Brucella spp., a gram-negative facultative intracellular bacterium, induces chronic infectious disease and is a potential pathogen for bioterrorism. B. abortus, B. melitensis, and B. suis are pathogenic to humans. In contrast, human infections of B. ovis and B. neotomae have not been reported, while B. canis human infections are rare. Although limited genome diversity exists among Brucella spp., these species exhibit host preference and considerable differences in virulence. However, little is known regarding the Brucella genes that contribute to intracellular survival and virulence. Therefore, understanding differences among Brucella species genomes would provide valuable clues to different pathogenic mechanisms of this species. Pathogens can be distinguished from their avirulent counterparts by specific genes or gene clusters in the genome helping to define bacterial pathogenicity. Recently, we developed a microarray of the complete B. melitensis genome sequence, the species highly pathogenic to humans. Hybridization of DNA from other Brucella species to this microarray revealed clusters (islands) in the 16M genome that were missing in the non-virulent species. Included in these islands are ORFs encoding hypothetical proteins, transporters, transposases, and transcriptional regulators that most likely aid successful establishment of Brucella in human infections. The genomic context of these islands suggests horizontal acquisition and variability in virulence and host preference among Brucella species. Now, we will create strategies to determine the importance of these newly identified Brucella genomic islands to bacterial pathogenicity. We hypothesize that genetic information contained within certain of these islands contributes to establishing an intracellular niche and persistence of Brucella within animals. Our long-term goal is to characterize at the molecular level the role of Brucella genes within these genomic islands for their contribution to Brucella pathogenicity and survival. Defining the contributions of genomic islands to Brucella pathogenesis will aid in developing future Brucella vaccines. The following specific aims are proposed:
Aim 1. We will determine the contribution of genomic islands to Brucella pathogenicity. (a) We will delete genomic islands from virulent B. melitensis. (b) We will determine if genomic islands have functional importance for Brucella survival in macrophages.

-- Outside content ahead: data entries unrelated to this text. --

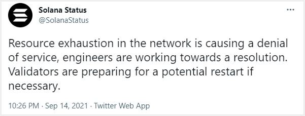 上图:9月14日,Solana 官方推文表示该网络由于“网络资源枯竭”而导致服务中断。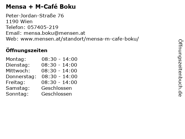 | Öffnungszeiten Mensa + M-Café Boku in Wien anzeigen | |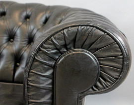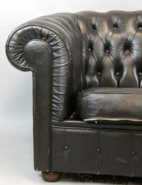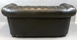 Divano tipo Chester in ecopelle color nero, cm h 69x163x80, (difetti)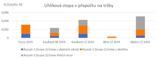 Data o tom, kolik emisí CO2 vytvořily, však publikuje jen málo společností. Ze čtrnácti oslovených řetězců pouze Kaufland a Makro zveřejňuje emise v kompletní sestavě, která má nejvyšší vypovídací hodnotu, tedy za tak zvaný Scope 1,2,3 (zjednodušeně jde o emise z vlastních zdrojů, z elektřiny, emise třetích stran např. dodavatelů).
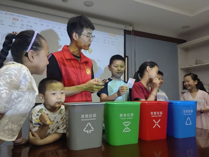 7月15日,生態團赴廬江縣崗灣街道蘇家河社區居委會為“青筑夢,微愛課堂”暑期班的小朋友們普及垃圾分類知識。隊員們通過科普小游戲,介紹了生活垃圾分類標準、垃圾分類法律法規等知識,引導小朋友們從身邊點滴做起,養成低碳環保的生活方式,為生態環境保護貢獻自己的力量。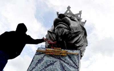 Aksi Bakar Lilin di Depan Patung Singa Stadion Kanjuruhan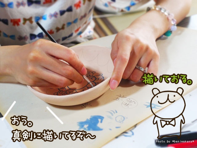 お皿や湯のみの絵付け体験ができるという事でー!!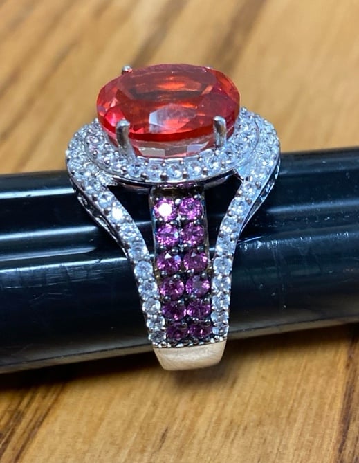 Stunning Sunfire Orange Quartz Multi Gemstone Pavé Crystal Ring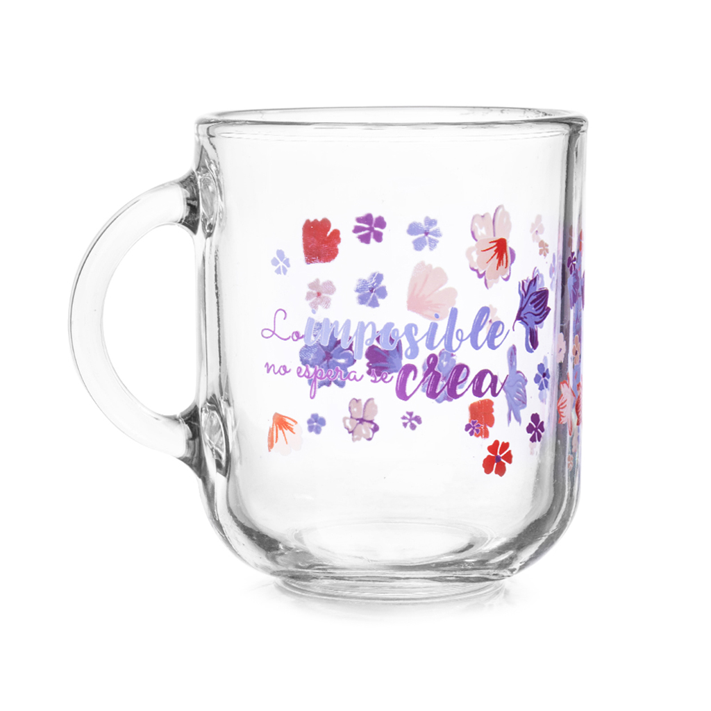 a taza es llamativa y divertida, al mismo tiempo que es cómoda y fácil de agarrar. Su construcción en vidrio implica que está fabricada con un material 100% reciclable, libre de metales pesados, que no guarda olores ni sabores, y que ayuda a conservar la temperatura de la bebida.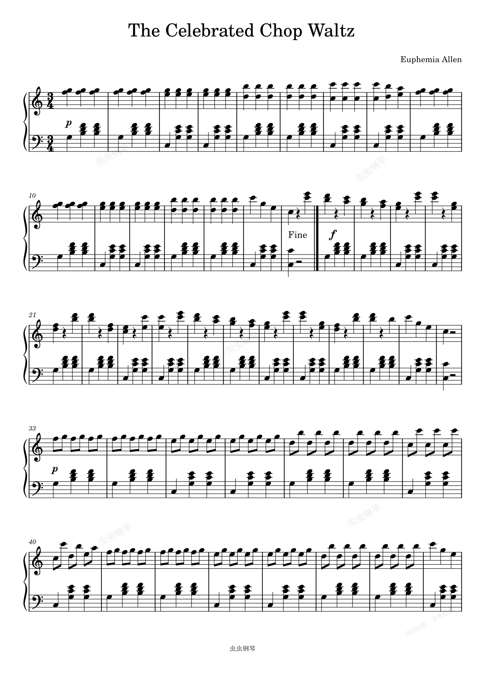 钢琴谱:The Celebrated Chop Waltz-Euphemia Allen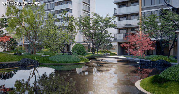 大围合式的建筑布局,谦逊地退位于自然,超70m楼间距 , 为自然留下更多的可能性;近万方的中心庭院,茂盛生长;湖畔度假花园,森林花园,童趣乐园,禅林闲庭等,一个个花园串联起整座园区的生活日常。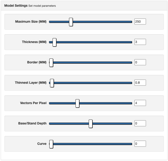And change the maximum size (in mm) of your lithophane. I measured my lamp, and the size that could fit on it was 250x250 mm. These dimensions would also fit on the printing bed of my 3D printer. I left the rest of the settings as default, but feel free to change them to your liking.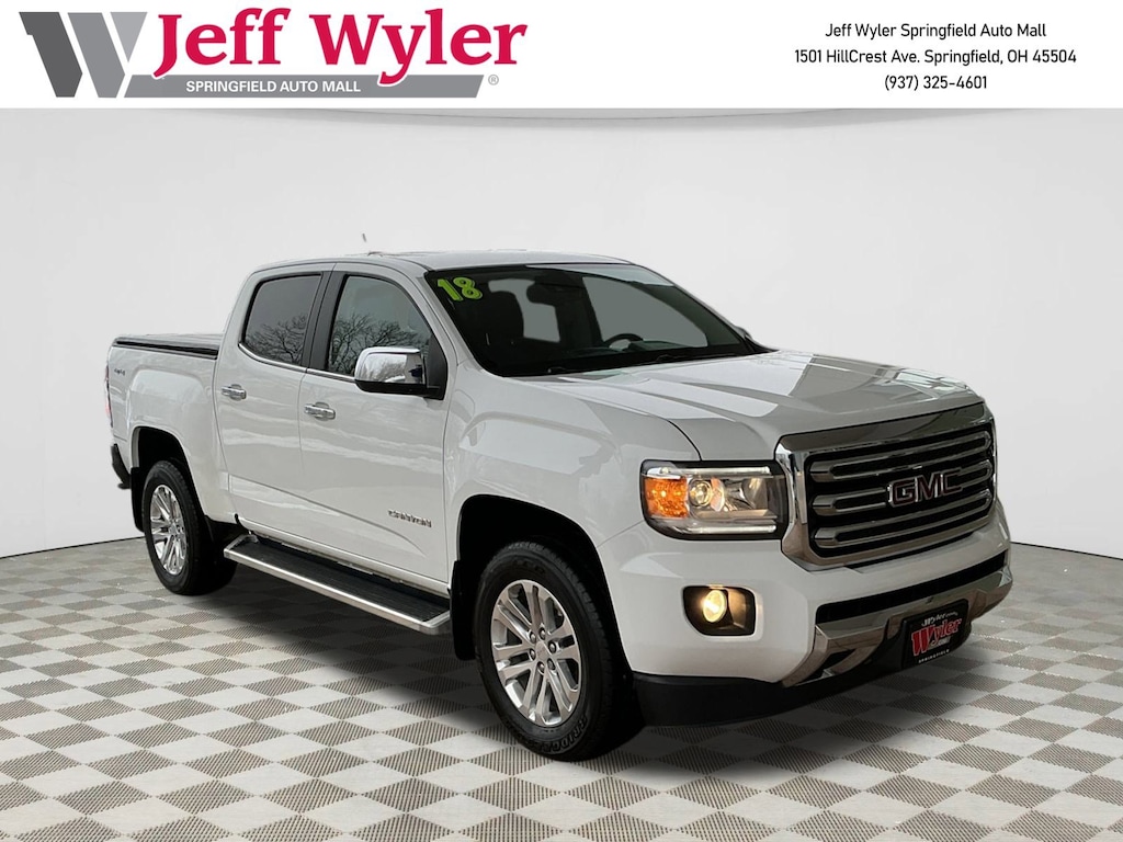 Jeff Wyler Springfield Auto Mall is pleased to offer this charming-looking 2018 GMC Canyon SLT in Summit White. Well equipped with: Driver Alert Package (Forward Collision Alert and Lane Departure Warning System), Preferred Equipment Group 4LT (Tow/Haul Mode and Trailering Assist Guideline Hitch Guidance), Trailering Package, 3.42 Rear Axle Ratio, 4-Way Power Front Passenger Seat Adjuster, 4-Wheel Disc Brakes, 6 Speakers, ABS brakes, Air Conditioning, Alloy wheels, AM/FM radio: SiriusXM, Auto-dimming Rear-View mirror, Automatic temperature control, Black Spray-On Bedliner w/GMC Logo, Bose Premium 7-Speaker Audio System Feature, Bumpers: body-color, Compass, Delay-off headlights, Driver 4-Way Power Seat Adjuster, Driver door bin, Driver vanity mirror, Dual front impact airbags, Dual front side impact airbags, Electronic Stability Control, Exterior Parking Camera Rear, Front anti-roll bar, Front Bucket Seats, Front Center Armrest, Front fog lights, Front License Plate Kit, Front reading lights, Front wheel independent suspension, Fully automatic headlights, Heated door mirrors, Heated Driver & Front Passenger Seats, Heated front seats, Illuminated entry, Leather-Appointed Seat Trim, Low tire pressure warning, Occupant sensing airbag, Outside temperature display, Overhead airbag, Overhead console, Panic alarm, Passenger door bin, Passenger vanity mirror, Power door mirrors, Power Driver Lumbar Control Seat Adjuster, Power driver seat, Power Passenger Lumbar Control Seat Adjuster, Power passenger seat, Power steering, Power windows, Premium audio system: GMC Infotainment System, Radio data system, Radio: AM/FM Stereo w/8" Color Touch Navigation, Radio: AM/FM Stereo w/8" Color Touch Screen, Rear reading lights, Rear seat center armrest, Rear step bumper, Rear window defroster, Remote keyless entry, Security system, SiriusXM Satellite Radio, Speed control, Speed-sensing steering, Steering wheel mounted audio controls, Tachometer, Telescoping steering wheel, Tilt steering wheel, Traction control, Trip computer, Variably intermittent wipers, and Wheels: 18" x 8.5" Polished Cast Aluminum. Ask about available certifications. Used vehicles 10 years of age or newer with less than 100,000 miles are eligible for the Wyler Assurance Program, but eligible vehicles must pass our reconditioning process and multi-point inspection. Provided the vehicle passes inspection, vehicles will be eligible for the 6 month/6,000 mile limited warranty. The 6 month/6,000 mile limited warranty is NOT available on AS-IS vehicles, wholesale vehicles, lease buyback/pass-thru vehicles or un-inspected vehicles. Note that this program can also apply to vehicles where the remaining factory coverage is less than 6 months or 6,000 miles. Please check the Federal Trade Commission (FTC) Buyers guide on the vehicle for full details as to whether or not warranty coverage may apply. Contact Dealer for additional details. The Wyler Assurance 6 month/6,000 Mile limited warranty ends 6 months from the date of the Retail Purchase Agreement (BUYERS ORDER) or when the vehicle's odometer registers 6,000 additional miles to the mileage listed on the BUYERS ORDER, whichever comes first. Your Deductible - The warranty holder on your contract pays the first $100 of each covered repair.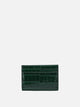 Tom Ford "Exotic Line" card case made of leather with crocodile print and glossy finish. Slim, compact structure features hard surfaces and sharp edges. Construction uses leather cuts juxtaposed with minimal stitching. The Tom Ford logo is embossed on the front. Interior trim includes parallel compartments designed for credit cards or business cards.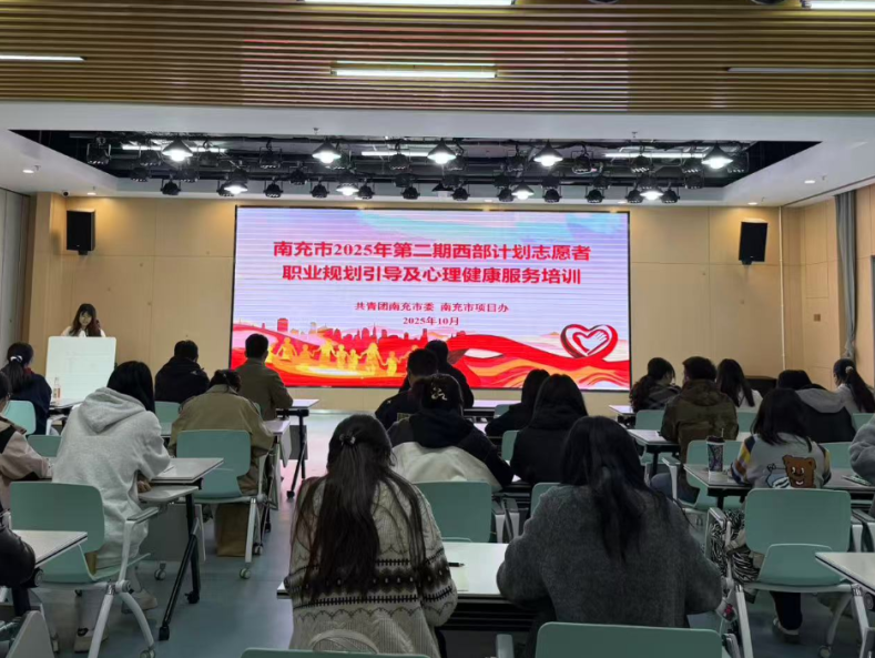 团广安市委、市西部计划项目办在广安职业技术学院开展2025年第二期职业规划引导及心理健康服务活动,全市200余名西部计划志愿者参加活动。培训会上,全体志愿者深入学习党的二十届四中全会精神。随后,相关专家从“思维跃迁、能力盘点、成长路径、实践举措”等方面开展职业规划引导。心理健康辅导课程围绕“心态转换、情绪管理、自我滋养、人际连接”等内容,帮助大家快速掌握心理调适方法。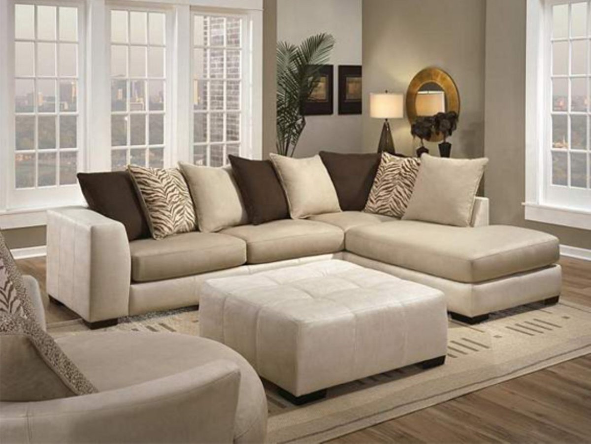 Бежевый диван с подушками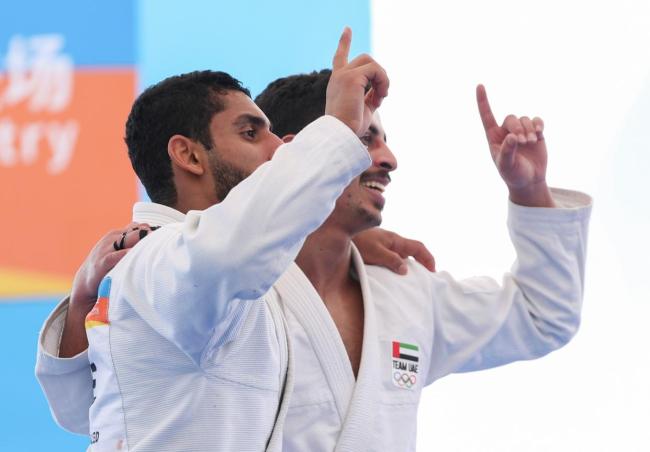 4月23日,在海南三亚举行的第六届亚洲沙滩运动会柔术男子62公斤级决赛中,阿联酋选手哈立德·阿尔谢希战胜了另一名阿联酋选手奥马尔·阿尔苏韦迪,夺得金牌。比赛中,两名选手展现了高超的技艺和激烈的竞争。赛后,他们互相致意,体现了体育精神。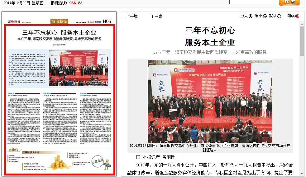 近日,證券導(dǎo)報(bào)以四個(gè)版面整版報(bào)道海南股權(quán)交易中心,關(guān)注股交中心三年以來(lái)的發(fā)展。其中,通過(guò)一個(gè)版面的篇幅,提煉總結(jié)了股交中心的亮點(diǎn)工作及服務(wù)企業(yè)、創(chuàng)新業(yè)務(wù)等方面的突破和股交中心三年以來(lái)取得的成績(jī)。報(bào)道指...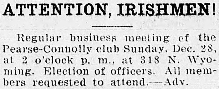 The Pearse-Connolly club will meet at their hall, 318 North Wyoming street, at 8 o’clock, Friday morning, sharp, for the purpose of escorting President De Valera of the Irish republic up town. All members of the band take notice and report to Con Bonuoe, treasurer, and all members please bring their sashes.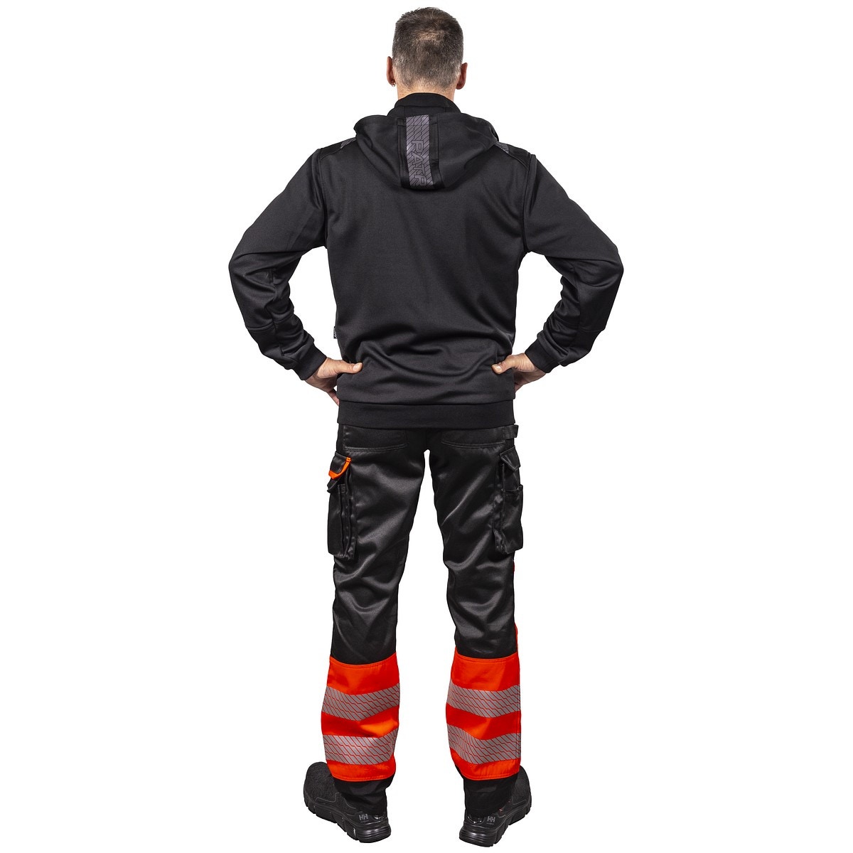 - mörka tryckta, segmenterade reflexer på axlar och huva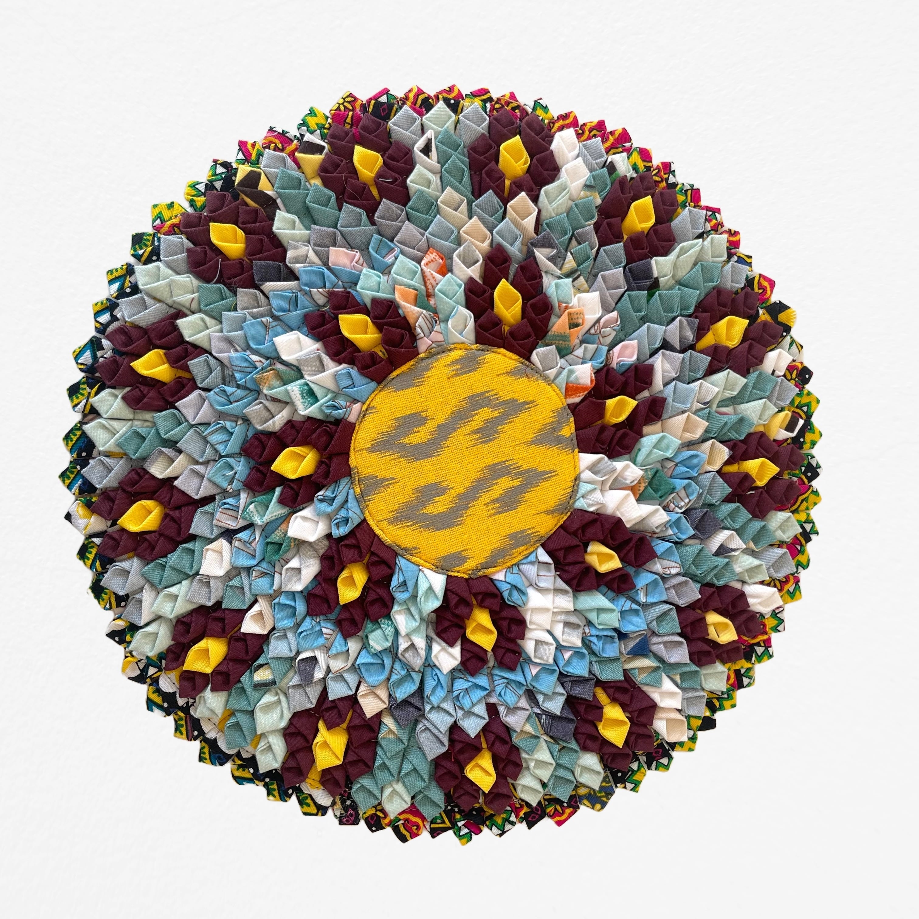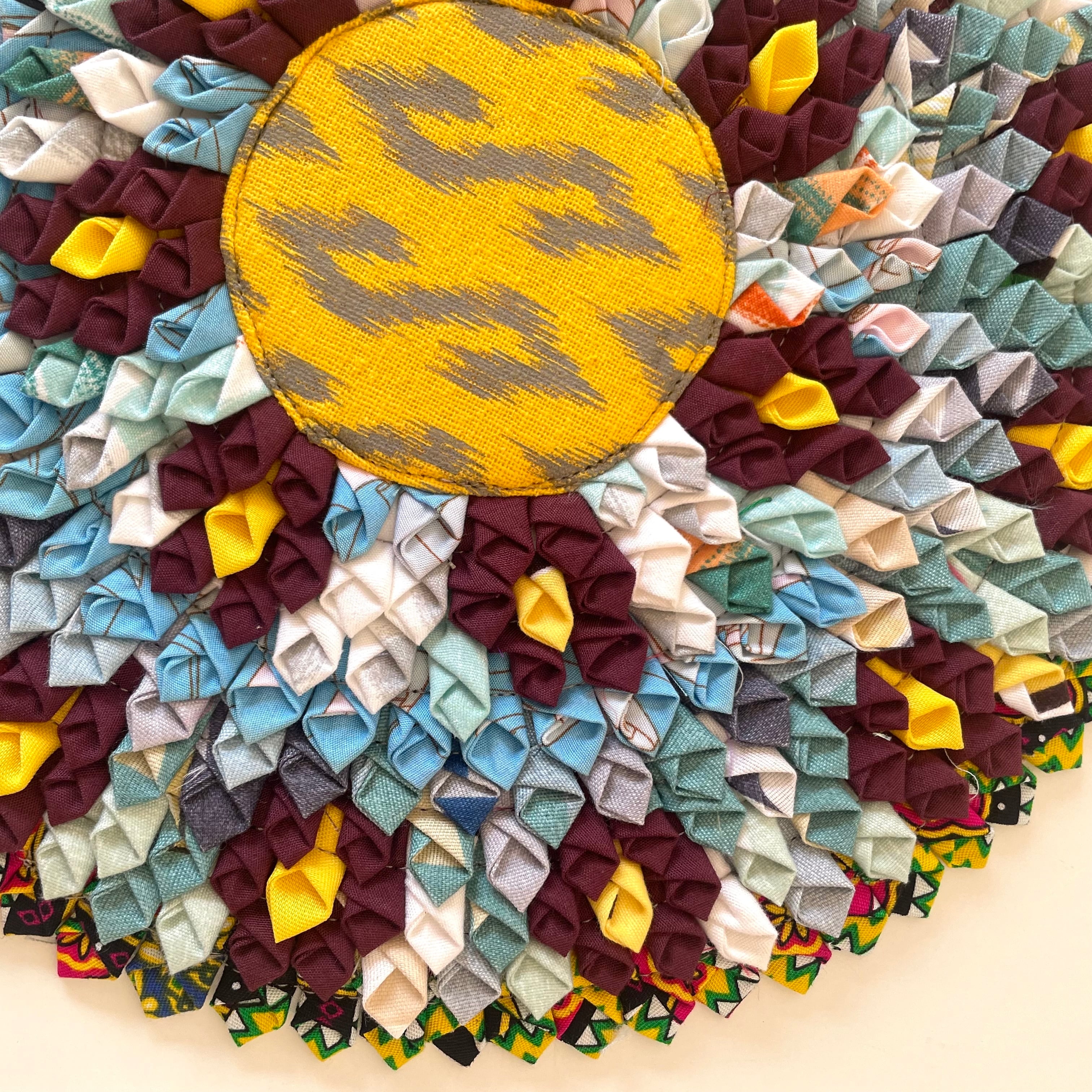 異なる生地とカラフルな色使いを組み合わせた立体的なテクスチャー。細かく折り曲げられた生地が幾重にも重なり、中央から外側へ向かって広がる花びらのような模様を描き出しており、これは現地の職人たちが時間をかけて生地を折り曲げ、組み合わせていく温かい手仕事の証です。

Aim 2. We will determine persistence and dissemination of mutants in mice. We will compare the in vivo dissemination and persistence of genomic island mutants to virulent B. melitensis using biophotonic imaging in mice.
Aim 3. We will determine gene transcription of B. melitensis and GI mutants in macrophages as well as gene transcription by mammalian cells responding to infection. (a) We will determine transcriptional differences between virulent B. melitensis and GI mutants in macrophages. (b) We will identify differences in macrophage transcription following infection of mutant and virulent Brucella.